→ **What you need to do**
Would you print, word for word, only the lines running from the line with "This paper models" to the last line of the entries, without the pictures?

→ **Material for this task**

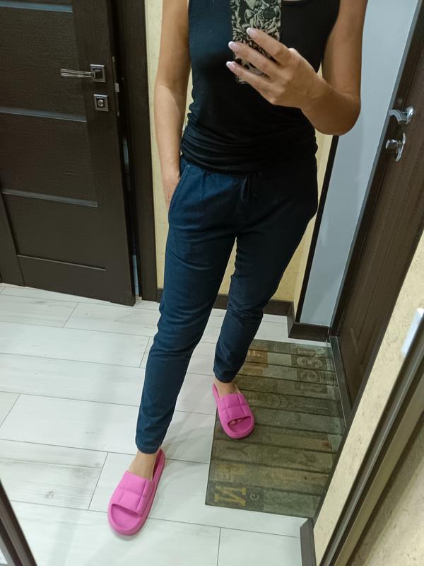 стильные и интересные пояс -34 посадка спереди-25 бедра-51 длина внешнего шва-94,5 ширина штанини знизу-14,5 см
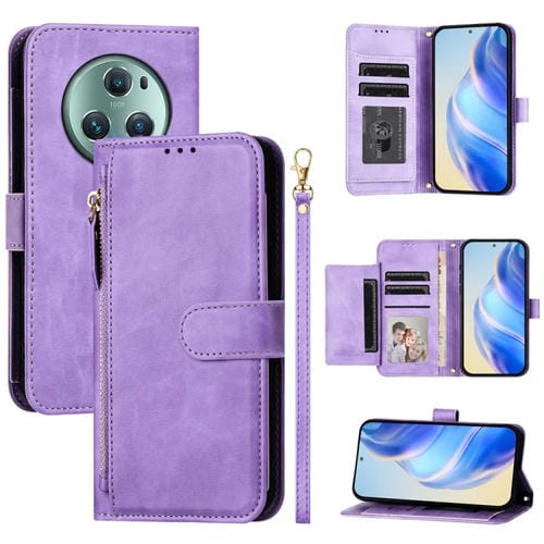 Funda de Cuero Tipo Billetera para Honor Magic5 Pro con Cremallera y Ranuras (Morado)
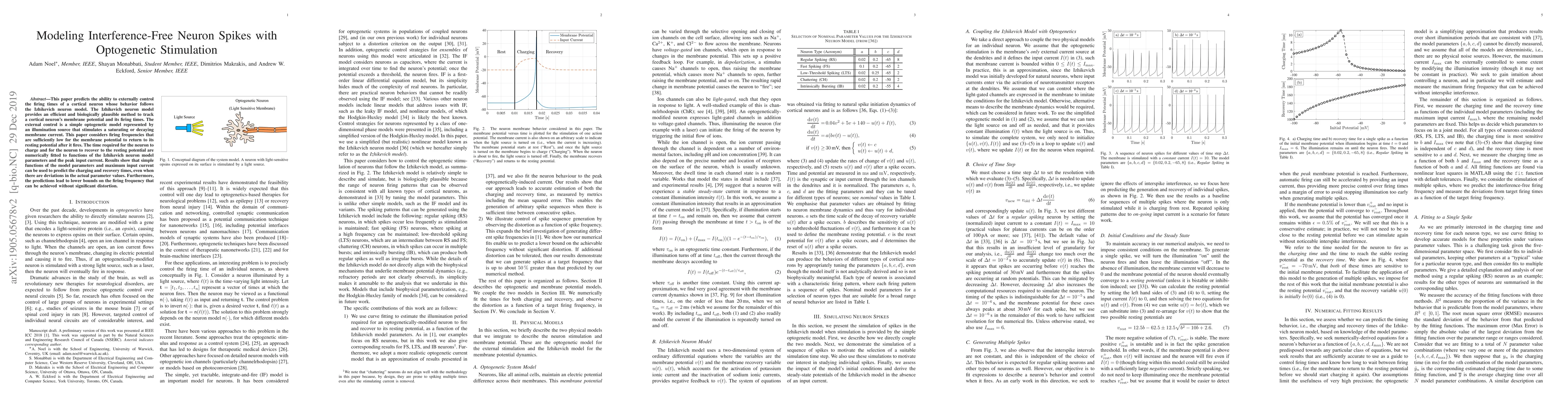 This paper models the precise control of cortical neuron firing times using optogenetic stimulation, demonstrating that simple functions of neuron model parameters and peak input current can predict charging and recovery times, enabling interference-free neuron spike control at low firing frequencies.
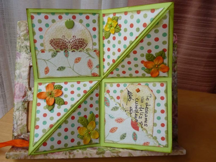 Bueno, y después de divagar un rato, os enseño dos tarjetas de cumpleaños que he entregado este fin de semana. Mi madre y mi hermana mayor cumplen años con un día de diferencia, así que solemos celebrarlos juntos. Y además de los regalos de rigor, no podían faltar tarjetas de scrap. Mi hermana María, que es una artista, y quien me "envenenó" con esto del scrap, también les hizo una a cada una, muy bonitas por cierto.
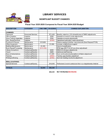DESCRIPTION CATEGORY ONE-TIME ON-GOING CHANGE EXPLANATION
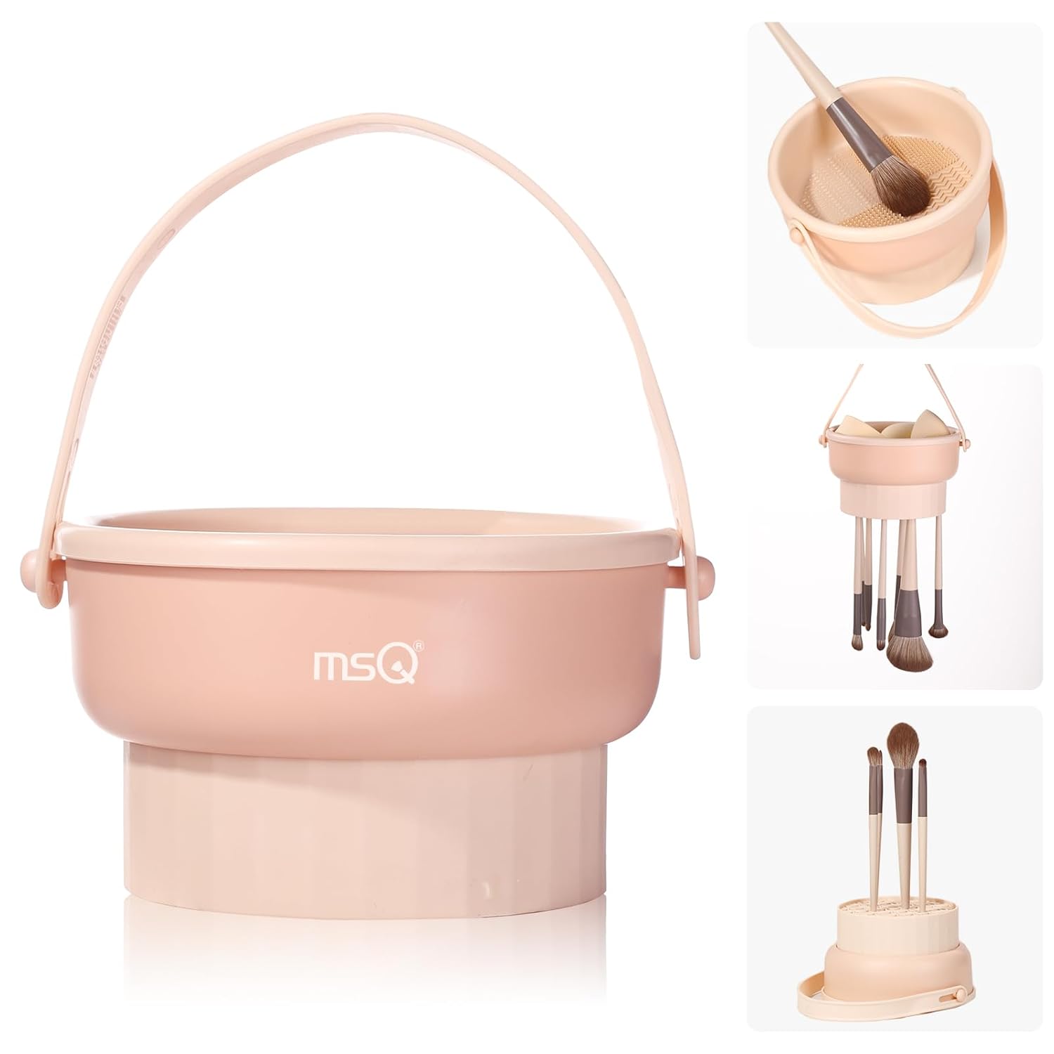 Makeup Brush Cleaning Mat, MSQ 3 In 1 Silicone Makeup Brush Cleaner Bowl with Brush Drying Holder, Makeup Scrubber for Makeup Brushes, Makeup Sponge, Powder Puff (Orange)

→ **Output for this task**
 This paper models the precise control of cortical neuron firing times using optogenetic stimulation, demonstrating that simple functions of neuron model parameters and peak input current can predict charging and recovery times, enabling interference-free neuron spike control at low firing frequencies.
 Bueno, y después de divagar un rato, os enseño dos tarjetas de cumpleaños que he entregado este fin de semana. Mi madre y mi hermana mayor cumplen años con un día de diferencia, así que solemos celebrarlos juntos. Y además de los regalos de rigor, no podían faltar tarjetas de scrap. Mi hermana María, que es una artista, y quien me "envenenó" con esto del scrap, también les hizo una a cada una, muy bonitas por cierto.
DESCRIPTION CATEGORY ONE-TIME ON-GOING CHANGE EXPLANATION
 Makeup Brush Cleaning Mat, MSQ 3 In 1 Silicone Makeup Brush Cleaner Bowl with Brush Drying Holder, Makeup Scrubber for Makeup Brushes, Makeup Sponge, Powder Puff (Orange)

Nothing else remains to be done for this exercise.